Biology meets chemistry: RNA in cells is not just made of four nucleotides; rather, it is extensively modified in cell type and cell state dependent manners. Over 100 types of chemical modifications have been identified in all three domains of life. Over 60 types of modifications have been found in mammals that are present in all RNA classes. They include methylation of bases and the ribose backbone, rotation and reduction of uridine, base deamination, elaborate addition of ring structures and carbohydrate moieties, and many more. For example, N6-methyl-adenosine (m6A) is the most abundant internal modifications in messenger and long non-coding RNA. This modification occurs in many sites of mRNA and lncRNA with characterized, regulatory functions in splicing, export, cytoplamic localization, stability, translation activity, immune tolerance, and others. Importantly, m6A in mRNA and lncRNA can also be removed by enzymes encoded in our genomes. The reversibility enables m6A to be dynamic, and capable of adjusting the transcriptome to rapidly changing biological needs. Therefore, RNA modifications control the metabolism and fate of RNA species through chemistry.
Center for Dynamic RNA Epitranscriptomes (CDRE) The goals of CDRE are to develop transcriptome-level technologies for mapping of RNA modifications (i) at single-base resolution, (ii) with quantitative assessment of modification stoichiometry at each site, and (iii) with high sensitivities to study rare cell populations. These methods will be applied to investigate the biology of neurogenesis and neurodevelopment. We will accomplish these goals by using chemical and enzymatic methods to convert each chemical type of modified nucleotide into signatures that can be identified and quantified using high-throughput sequencing approaches. Ultimately, we aim to expand our approaches to all known chemical types of modifications in mammals with applications ranging from basic biological research to clinical investigations of RNA modifications as diagnostic markers and therapeutic targets.

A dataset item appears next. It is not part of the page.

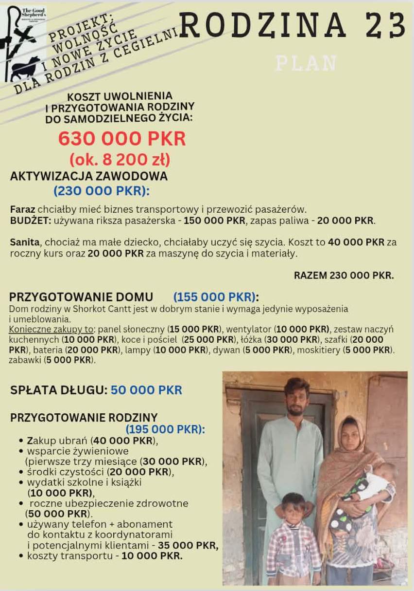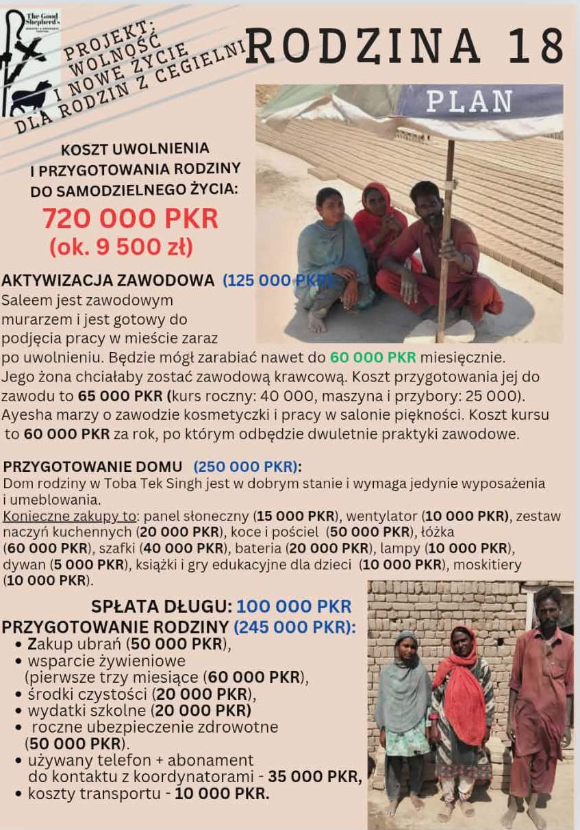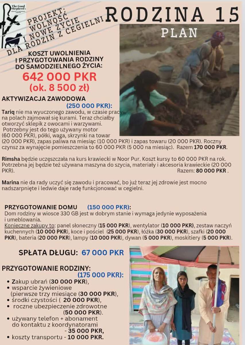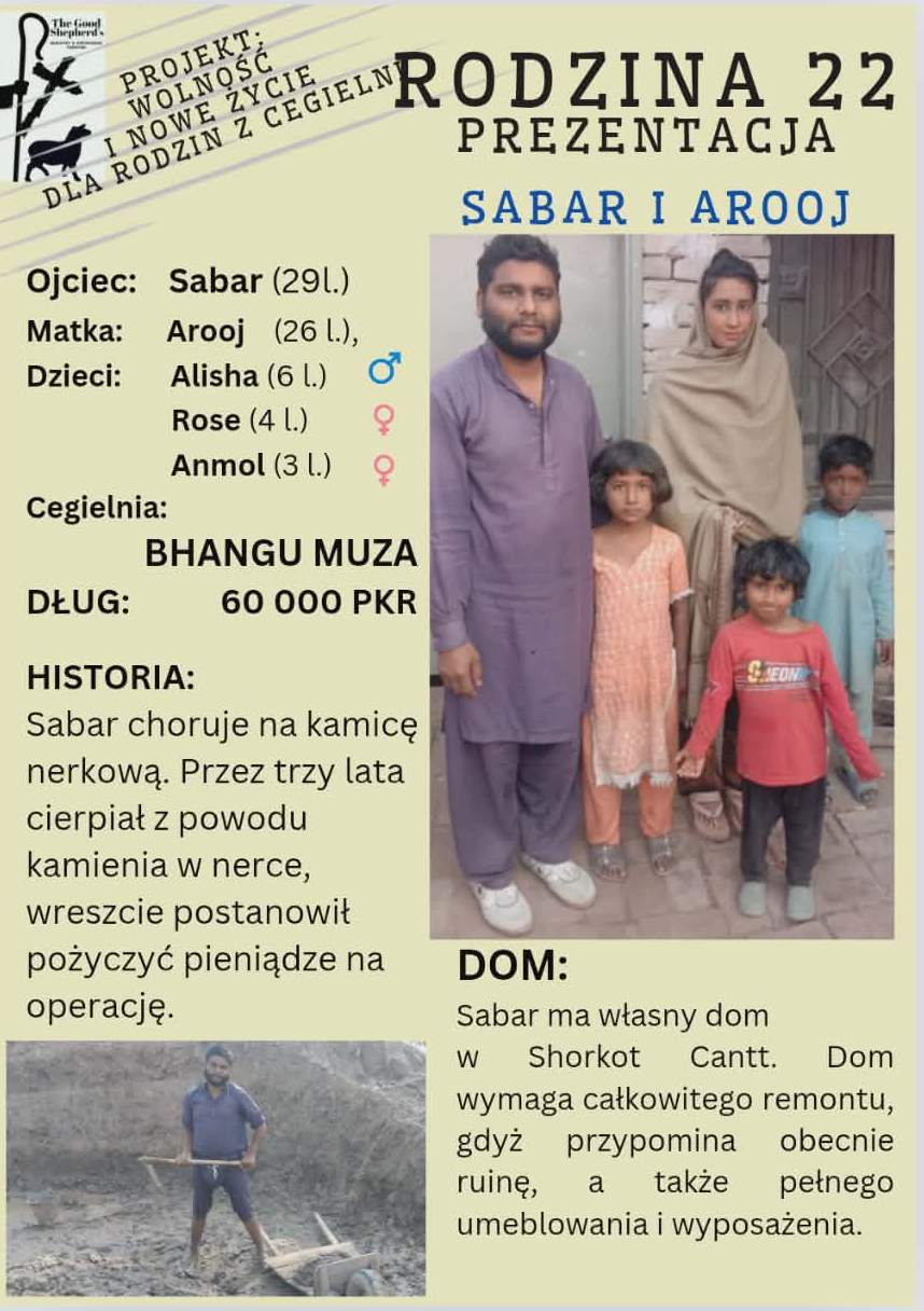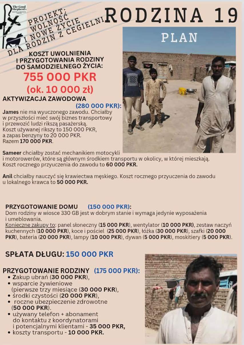 Chcieliśmy przedstawić Państwu aktualizację naszego projektu kompleksowej pomocy dla rodzin z fabryk cegieł. Na dzień dzisiejszy do projektu zakwalifikowaliśmy 12 niewykupionych jeszcze rodzin będących pod opieką Duszpasterstwa Dobrego Pasterza w Pendżabie. Koordynatorami projektu jest chrześcijańskie małżeństwo Sajida i Ashbeel Raifq, którzy podjęli się tego trudnego zadania z pełną świadomością, jak wiele pracy ich czeka przy tym projekcie i przygotowali wszystkie przedstawione w projekcie dane. Na załączonych zdjęciach zostały ujęte wszystkie najważniejsze szczegóły dotyczące każdej z 12. rodzin zakwalifikowanych do programu kompleksowej pomocy obejmującego uwolnienie i przygotowanie rodziny do samodzielnego życia, w tym przede wszystkim:

The Center for dynamic RNA epitranscriptomes aims to develop high-throughput, high-resolution, and high-sensitivity technologies for functional investigations of RNA modifications in the whole transcriptome.
The Center for Dynamic RNA Epitranscriptomes is a Center of Excellence in Genomic Science (CEGS), a program established by the National Human Genome Research Institute for multi-investigator, interdisciplinary research that develops novel and highly innovative genomic research projects.